# good puppy food



## Occa (Oct 7, 2012)

Can someone suggest a good quality food for an 8 wk GSD puppy.

How does Kirkland Super Premium Chicken Rice formula rank with other puppy dry food?

How long do we keep feeding before switching to an adult food?


Thanks


----------



## Narny (Sep 8, 2010)

Hi there and welcome. I went to Dog Food Reviews and Ratings | Dog Food Advisor to decide on a dog food. It really depends on your budget to be honest because when it comes to feeding our animals EVERYONE has a different opinion on the matter. 

Also, for german shepherds you want to feed for large breed puppies because calcium can be an issue. 

Congrats on your new puppy.


----------



## NancyJ (Jun 15, 2003)

There are some good sticky notes at the top of this forum with links on articles on how to select a puppy food. 
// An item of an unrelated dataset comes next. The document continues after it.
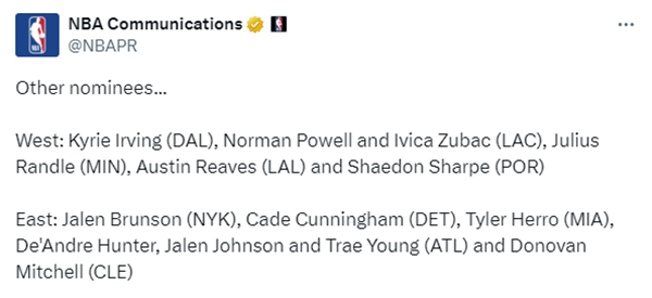 24直播网讯北京时间12月31日,NBA官方公布本赛季第10周东西部周最佳球员,76人球星马克西和雷霆球星亚历山大当选,两人都是场均30+当选,欧文、布伦森、里夫斯等人获提名。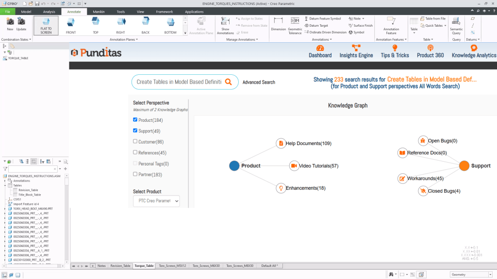 Punditas AI’s Knowledge Graph aggregates every reliable source around your task—from community tips to PTC documentation—and visually maps it for easy access. Whether you’re defining GD&T, adding BOMs, or adjusting table placement, you get quick answers from trusted, AI-ranked content.

It used to be that a lot of GSD folks said adult food after first bag but new large breed puppy formulas are actually adjusted for SLOWER growth and lower calcium and phosphorus than many adult formulas so I have heard anywhere from 12-15 months or so before making the switch. 

If you feed adult, make sure to get one all life stages as some of the grain free foods can actually have way too much calcium for a growing pup.


----------



## Emoore (Oct 9, 2002)

I fed my puppy the Kirkland Super Premium All Life Stages (maroon bag) until he was a year. I don't much care for Kirkland's puppy food, too much calcium for a large breed puppy. The All Life Stages is better


----------



## german shepherd 1600 (Sep 28, 2012)

origen


----------



## coulter (Oct 13, 2012)

What about natural balance?


----------



## NancyJ (Jun 15, 2003)

I kind of think it is a bit too low in protein, fat and calories for a young puppy and they are manufactured by Diamond Brands which puts me off anymore but they are labeled for all life stages.....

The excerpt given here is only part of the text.